04. October 2018
Lukáš Foral: Analyze any feedback from the investor and, if it makes sense, use it
The Czech-British fund Opifer sees hundreds of projects every year. However, they have only four startups in their portfolio. Among seed funds this is quite common. In the US, it is expected that a startup will pitch to dozens of funds before it gets an investment. Why are some entrepreneurs successful while most fail? “Good preparation leads to success,” says Opifer co-founder Lukáš Foral.
How should a startup proceed once it gets money from, as they say, family, friends and fools?
I definitely recommend going through an acceleration program, educating yourself and using money to find your first customers, get early feedback and map the competition. It is good to go to an investor with something tangible.
What should a startup founder consider before meeting an investor?
He or she should certainly have a clear idea of the amount that they want to ask for and know what they are going to use it for. He or she should also be realistic about the valuation of the company, or of the idea. Exaggerated valuation is often a show stopper for negotiations. An acceleration program, a mentor or a startup that has gone through an investment round can help new startups decide when exactly to go for the investment and with what requirements.
Let's say that the founder has decided to ask for an investment. How should he or she negotiate with an investor?
In the first meeting, it is important to explain the problem and the target market, to present the company as unique, show the team’s enthusiasm and listen to feedback. A lot of startups close up shop when they get a few rounds of negative feedback in a row. Negative reactions, however, hide an important message – what to change in order to have a chance to succeed next time.
How should one work with negative feedback?

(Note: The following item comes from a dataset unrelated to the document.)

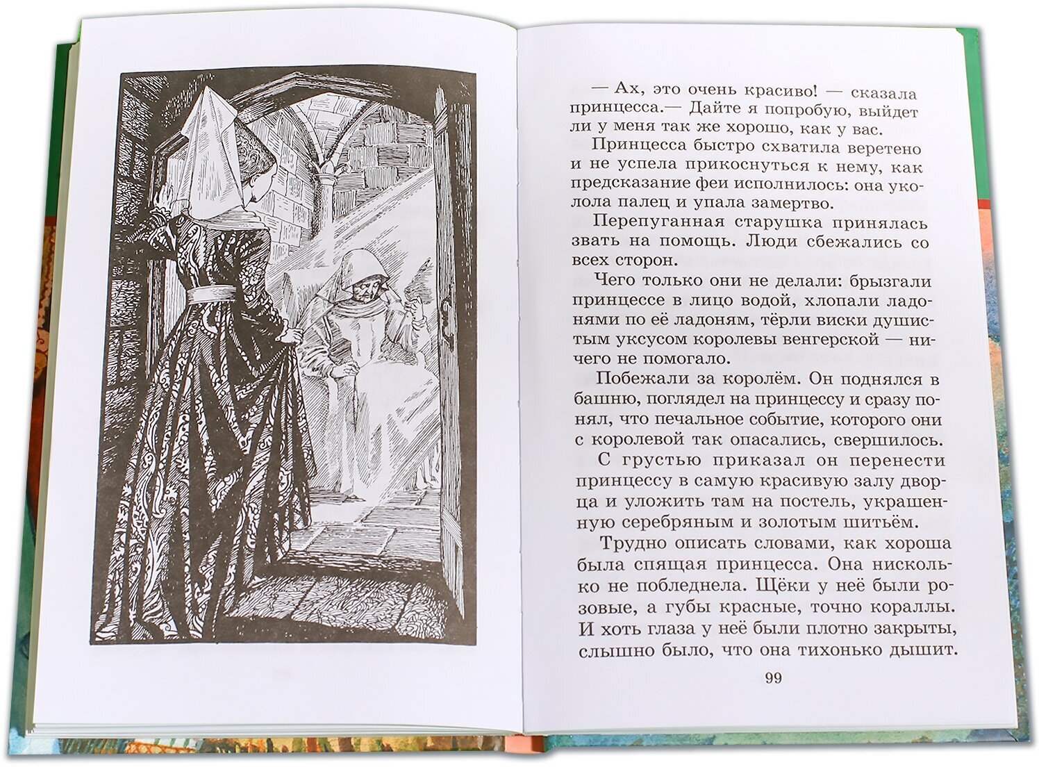 Несомненное достоинство этой книги цена и то, что в ней собраны почти все Сказки Перро (только двух не хватает). Пересказ классический Габбе и Булатовой. Бумага белая, не сильно просвечивает, читать не мешает. Шрифт средний. Иллюстрации черно-белые, их немного. Тем не менее ребенок 4 лет слушает с интересом и картинки ей нравятся.Покупкой довольны.

It often happens that a startup meets a late-stage investor. In their feedback, the investor mentions that the idea is interesting but needs to reach certain metrics for them to consider investing in it. In such a case, the startup can go to an early-stage investor and tell them they need to get to a certain stage. Knowing the requirements is beneficial for the early-stage investor because they can estimate whether their means to achieve the goals are sufficient. In short, the startup did not get the investment, but learned what metrics it should reach for the investor to be interested in it.
What is important to talk about during the first meeting?
Essential things like innovation, global potential, scalability, the team involved and the potential of profit for the investor. Investors always appreciate startups that are empathic, in the sense that they can explain how they think about valuation, strategic exit partners and future investors. Only a few startups can think of venture strategies as an investor, so whenever such a startup appears, it’s a good signal for us.
Do you want to hear that the startup will change the world? Is it not a cliche?
It probably is cliche, but it's definitely important for us to hear it. In the future, we would like to focus on impact investing – investing in startups whose products or services visibly help to improve the world around us, have a sustainable business model and have the potential to bring venture investors a return. Currently, such funding is being used by Inventures or Google Ventures.
Can you describe the process of getting an investment?
If the startup falls into our focus (CEE region, IT solution, investment up to €1 million), we begin to evaluate our core criteria, including innovation and uniqueness of the solution, potential to succeed in large markets, competence of the team and of course the possibility to multiply our future investment. If a startup meets all of these criteria, we run an in-depth evaluation, which lasts for a number of weeks. We evaluate technology, get industry-specific information, talk to prospective customers and so on. Only after such a detailed assessment are we be able to decide whether to offer an investment. If so, we begin negotiating basic terms and conditions of the investment and create a so-called Term Sheet. Then we start talking about the investment contract. The entire process takes a number of weeks or, often, months.
Can founders negotiate the contract themselves or should they hire lawyers?
First, a business agreement between the investor and the startup should arise. We try to set the most standard terms, but it is legitimate for the other party to consult with their lawyer on such important matters as the investment contract. What does not work well, however, is interference by lawyers in negotiating investment conditions from the outset. It often creates a lot of complications and a bad atmosphere.
When should startups consider looking for another seed investment?
It is wrong to look for an investment when the money is running out. Startups should begin communicating with potential investors very early on -- ideally after forming an idea and verifying basic preconditions for its implementation. There is nothing better than having a network of investors around you who know who you are and how your startup is developing. These investors will already have confidence in your startup and will give you money without needing to check up on you because they know you well.
Should startups look for the second round of investment from the moment they receive the first round?
Certainly. One of the most common mistakes we notice is that startups neglect investor relations. They should focus more on investor marketing. When you are looking for a seed investment, 99% of investors will tell you that they like the idea, but you should call them when you have returns, customers or a certain number of users. While trying to reach these goals with a seed investor, you should maintain contacts with venture funds at the same time.
“Lukáš Foral is a co-founder and partner of VC Opifer. He has a wide range of competencies ranging from startup portfolio development to strategic partnerships and investor relationship management. His passion for startup development and discovering new talents is a lifestyle that brings a wide variety of new challenges that always require luck and courage. He keeps tabs on innovations in many fields, including their implementation and applications, which address the real needs of businesses and people and help improve quality of life.”